- Talkh Ab Rural District Location within Iran
- Coordinates: 34°41′N 49°35′E﻿ / ﻿34.683°N 49.583°E
- Country: Iran
- Province: Markazi
- County: Farahan
- District: Khenejin
- Established: 2011
- Capital: Talkh Ab

Population (2016)
- • Total: 6,684
- Time zone: UTC+3:30 (IRST)

= Talkh Ab Rural District =

Rural district in Markazi province, Iran

Talkh Ab Rural District (دهستان تلخ اب) is in Khenejin District of Farahan County, Markazi province, Iran. It is administered from the city of Talkh Ab.

==History==
In 2011, Khenejin Rural District was separated from Komijan County, and the former Farahan District was separated from Tafresh County, in the establishment of Farahan County.
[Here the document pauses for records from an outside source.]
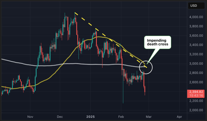 화요일 기준, 이더리움 가격은 5% 이상 하락하며 $2,375를 기록했으며, 50일 SMA가 200일 SMA 아래로 교차할 가능성이 높아졌습니다. 이러한 움직임은 시장에서 추가 하락 압력을 유발할 수 있어 투자자들의 우려를 불러일으키고 있습니다.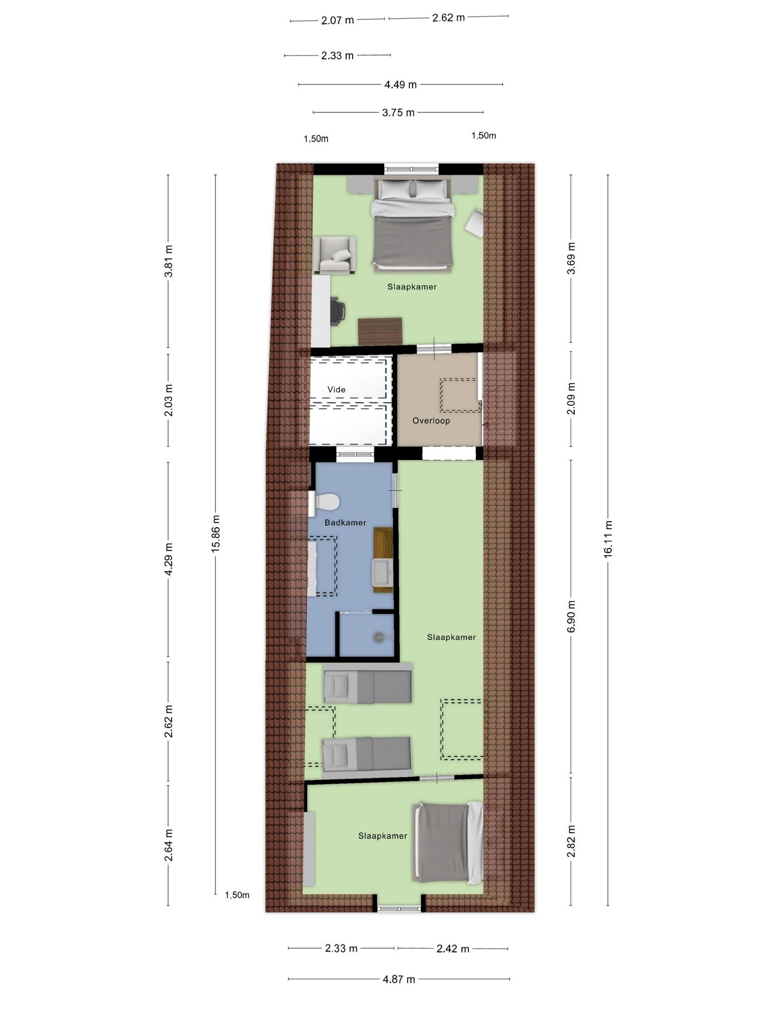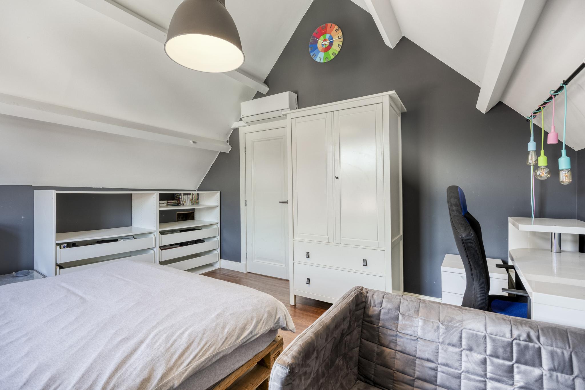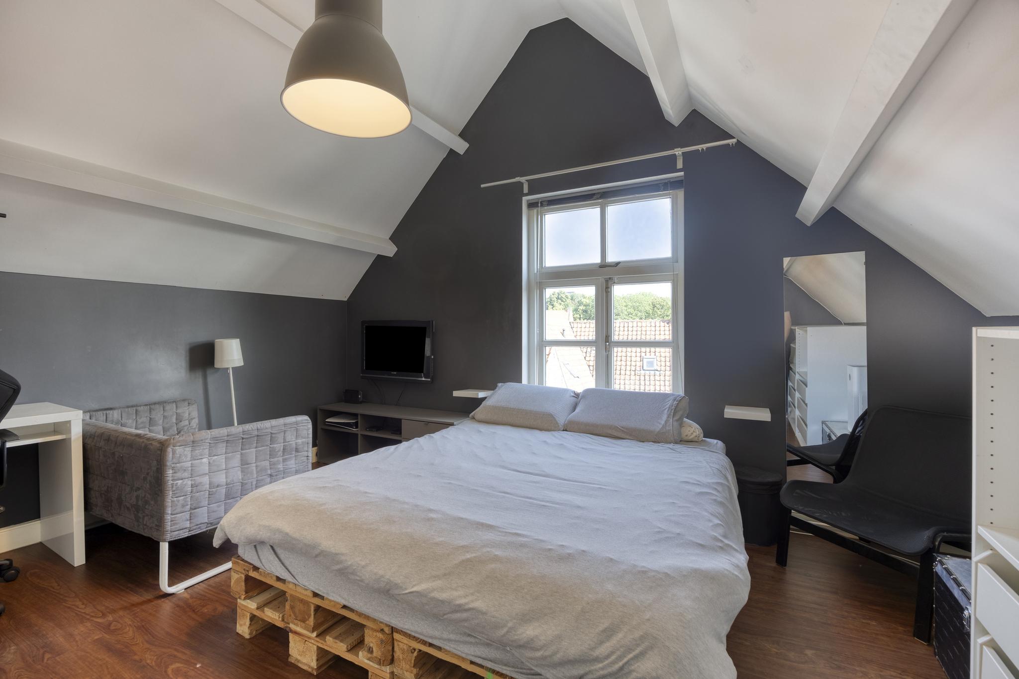 slaapkamer voorzijde met een dakkapel en een airco-installatie, wandafwerking stucwerk PVC-vloer, schuine dakvlakken afgewerkt met stucwerk;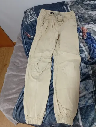 Pantalones de estilo cargo en color beige. - Cintura elástica con cordón. - Bolsillos laterales. - Puños ajustados en los tobillos.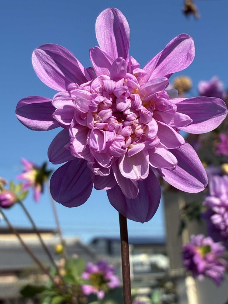 青空の下、紫色の「皇帝ダリア」が映えます。📸💙💜🌿🤗😄🌞✌️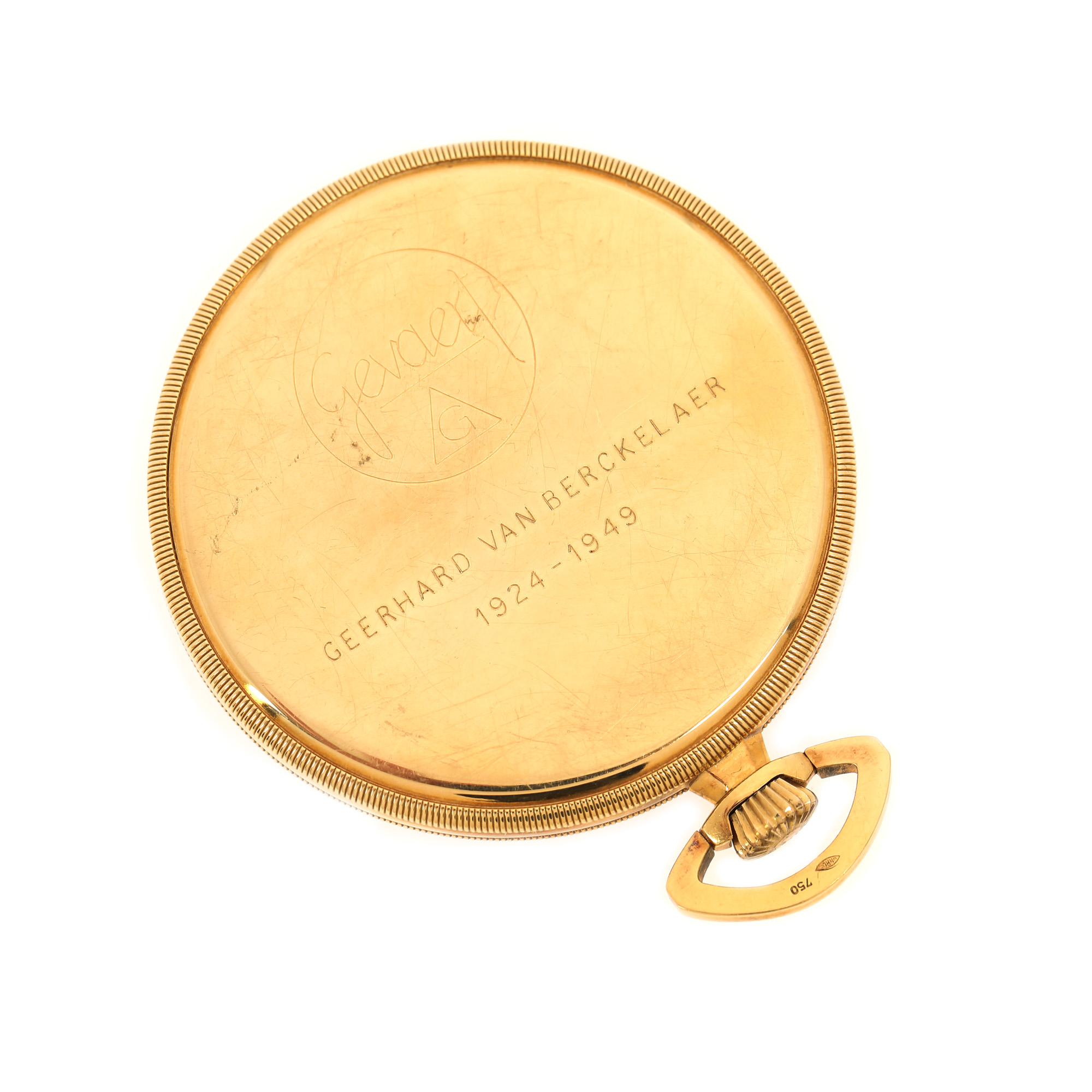 Ceas Zodiac, din aur, de buzunar, bărbătesc. Mecanism cu armare manuală. Cadran de culoare gri, indici numerale arabe doar pentru orele 3, 9 și 12, registru pentru secundar în dreptul orei 6. Anterior gravat "Geeerhard Van Berckelaer 1924-1949"

Talkh Ab Rural District was created in the new Khenejin District.

==Demographics==
===Population===
At the time of the 2011 census, the rural district's population was 7,027 in 2,049 households. The 2016 census measured the population of the rural district as 6,684 in 2,134 households. The most populous of its 11 villages was Talkh Ab (now a city), with 3,442 people.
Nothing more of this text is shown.